Source: Delos Presentation
Different state machines in the engine wrap/encapsulate parameters on calls to neighbouring state machines apply()
or propose()
methods with their own headers (piggybacking headers).
At the very top, we have the concept of a wrapper (an inbound request gateway) and an applicator (which provides a response to the apply()
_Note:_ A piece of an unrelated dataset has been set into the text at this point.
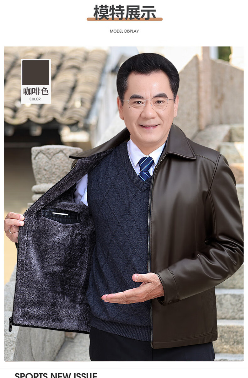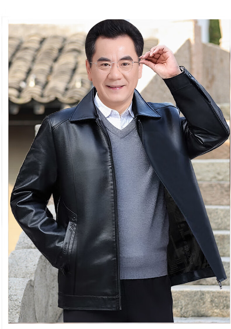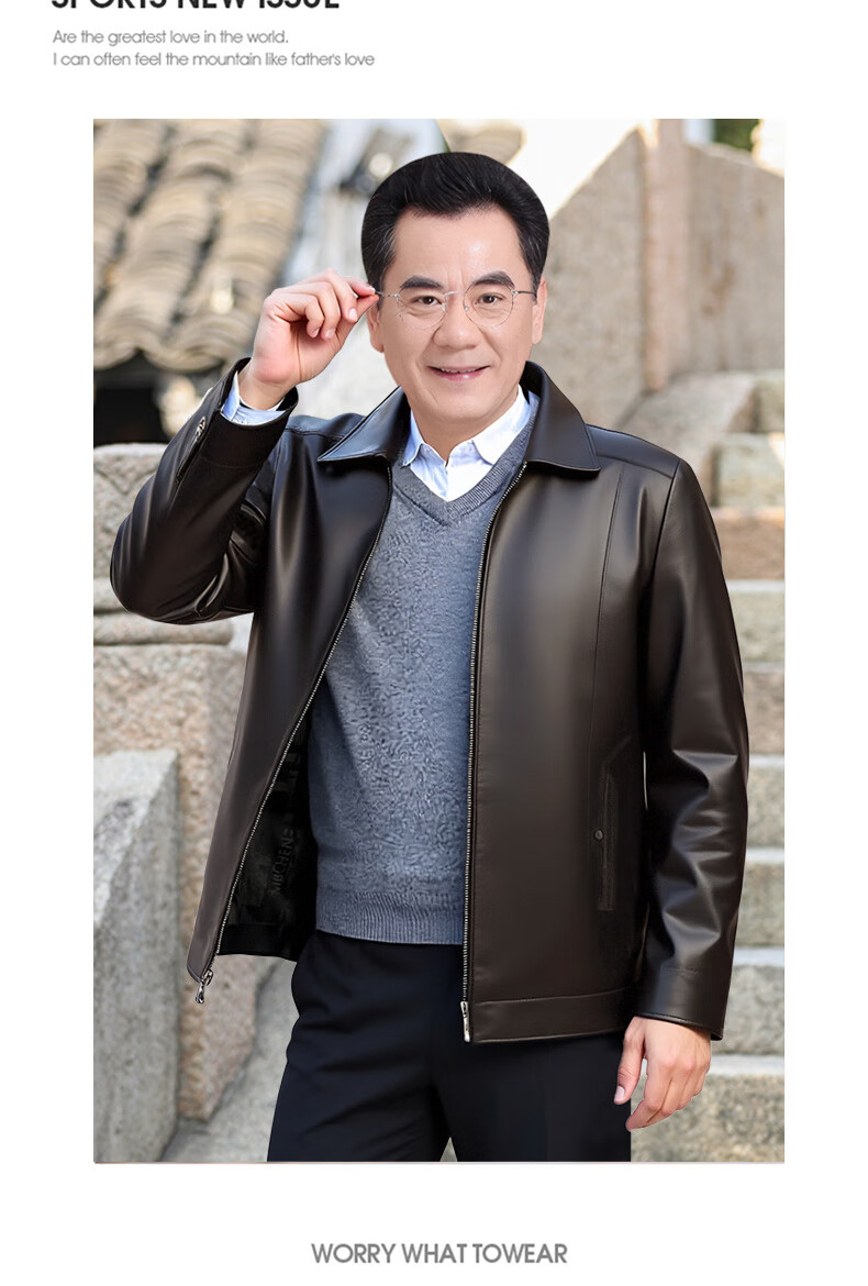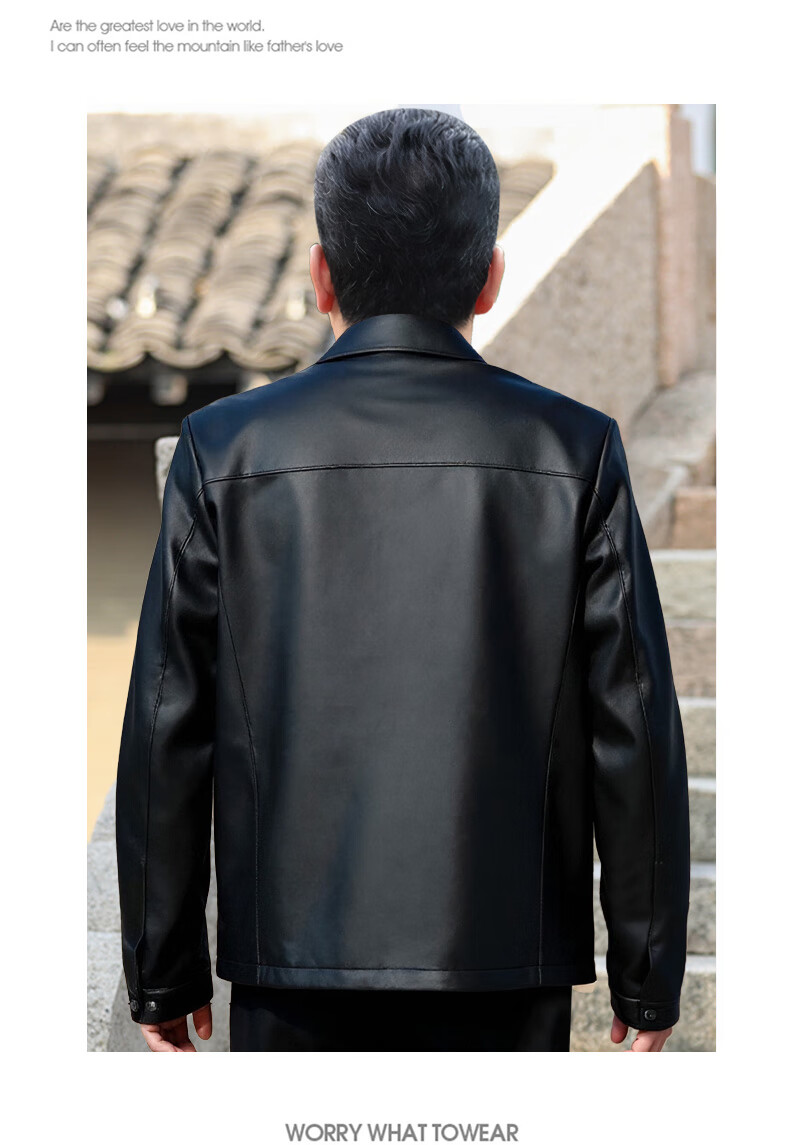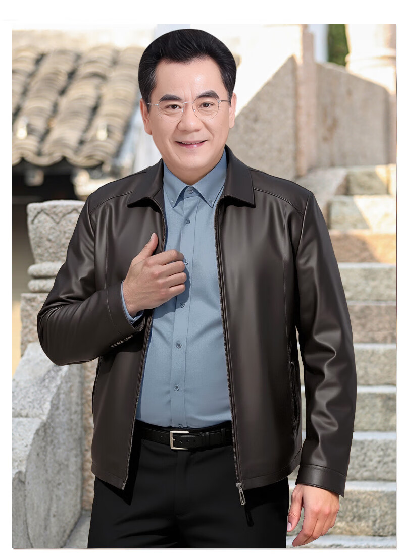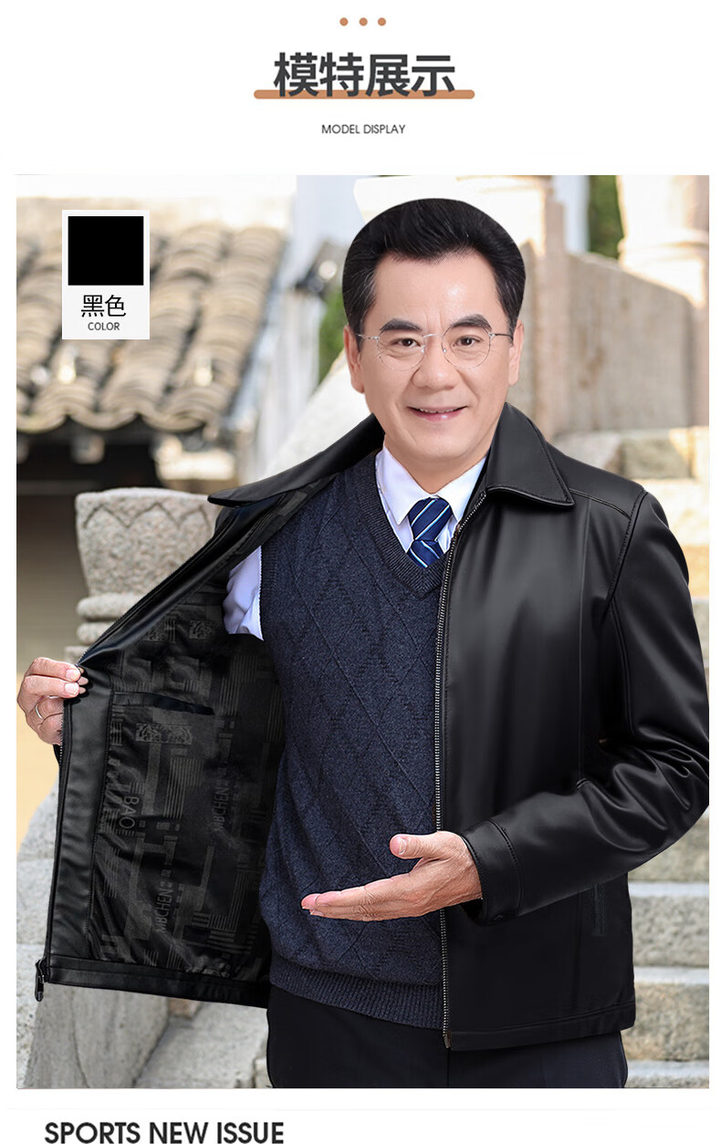 Hengyuanxiang middle-aged and elderly leather jacket men's lapel 50 to 60-year-old dad leather jacket spring and autumn style elderly grandfather leather cotton-padded jacket spring and autumn style black L 175/recommended 90-120 Jin Jin equals 0.5 kg
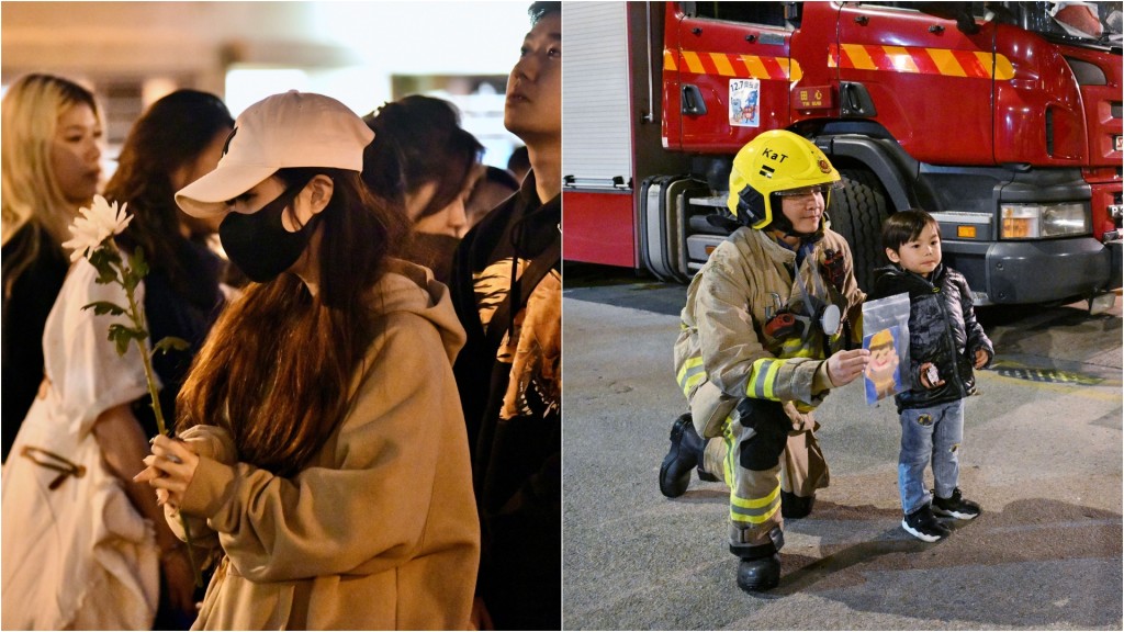 Mourners lay white flowers as Tai Po fire death toll stands at 128

call of the top most engine).
Source: Facebook Research
Additional Engine Functionality
- Drop or filter apply() calls
- Be used to create batching by utilising local state
- Register lifecycle events like
postApply()
with lower layer engines - Use local storage
- Have soft local state (on heap)
Engine Conventions
- Cross layer inspection is discouraged
- Isolated state
- Shouldn't modify state belonging to other engines
New log entries can be generated by an engine, in which case the header is modified to indicate a change from apply()
to propose()
which prevents the upcall of apply()
from continuing upwards towards the Wrapper and Applicator.
Observer Engine
This is an engine placed between layers to allow for things like observability.
Source: Facebook Research
Replicated State Machines
The layered engines in Delos are replicated state machines. These are components which have internal state which can be modified by commands which trigger deterministic behaviour which can mutate internal state and potentially produce output events.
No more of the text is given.